Before submitting a job, one needs to copy a static linked grmonty binary to bin/

ssh <user>@login<ID>.osgconnect.net
mkdir -p src
cd src
git clone https://github.com/AFD-Illinois/igrmonty.git
cd igrmonty
# Change the default N_THBINS in `/model/iharm/model.h` to a larger number, e.g.,
# #define N_THBINS 18
# Edit `make` so that the CFLAGS line contains `-static`; e.g.,
# CFLAGS = -static -std=gnu99 -O3 -fopenmp -funroll-loops -Wall -Wextra
module load gsl hdf5
make

cd ~/runs/Ma+0.94_w5_SED
cp ~/src/igrmonty/grmonty bin

Also make sure that you update the md5sum of grmonty in bin/wrapper, e.g.,

 grmd5="22691ef253e109166acb1eb5d5ac1084"

You may also need to edit bin/pargen to generate the necessary parameter sets. Then, simply submit an OSG job by

bin/batches

bin/batches will create a table of input parameters of Condor and put it in par/BATCH.ALL. However, because at the EHT we are running a large number of jobs, they may exceed the maximum allowed jobs on your queue.
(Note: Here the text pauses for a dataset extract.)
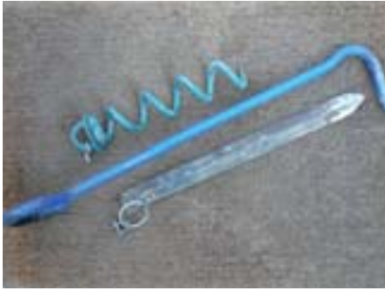
Two kinds of anchor: angle iron stake (below) and corkscrew (above). The man-hole cover lifter (centre) makes an excellent extraction tool for both anchors.

Anchor: The snare anchor must be effective at holding not only a fox, but any non-target animal that might be caught. There is no single anchor type that will suit all ground conditions. For the majority of conditions, we recommend a 450mm x 25mm length (18" x 1") of 5mm thick angle-iron, driven into the ground. An 8mm hole should be drilled 50mm from the top, in the middle of one side of the angle iron. Connect a 50mm diameter welded ring to a D-shackle, and fix the shackle to the stake via the drilled hole. The snare should be attached to the ring, with another D-shackle. This arrangement acts almost like a universal joint and is unlikely to foul the anchor. Whenever you use D-shackles, make sure they are tightened using pliers.

Therefore, bin/batches also split par/BATCH.ALL into smaller files par/batch.p00, par/batch.p01, ... and try to submit each of them individually. Once a job is submitted successfully, it will be renamed as par/BATCH.D00. You may simply rerun bin/batches multiple times. Every time it will try to submit the last unsubmitted par/batch.pXX file.

bin/batches uses bin/submit under the hood, which is a standard Condor submission script starts with a hashbang directive to use the system condor_submit.

It uses bin/parget to get the list of parameters from the corresponding file in par/. These parameter sets are then passed to bin/wrapper on the worker machines as command line arguments. bin/wrapper will automatically generate a grmonty parameter file based on the arguments, and start grmonty with it.

All Condor logs, stdout, and stderr will be sent to log/. The parameter files, hotcross data, and spectrum output will be saved to out/. Their file names are transform according to the rules described in bin/submit.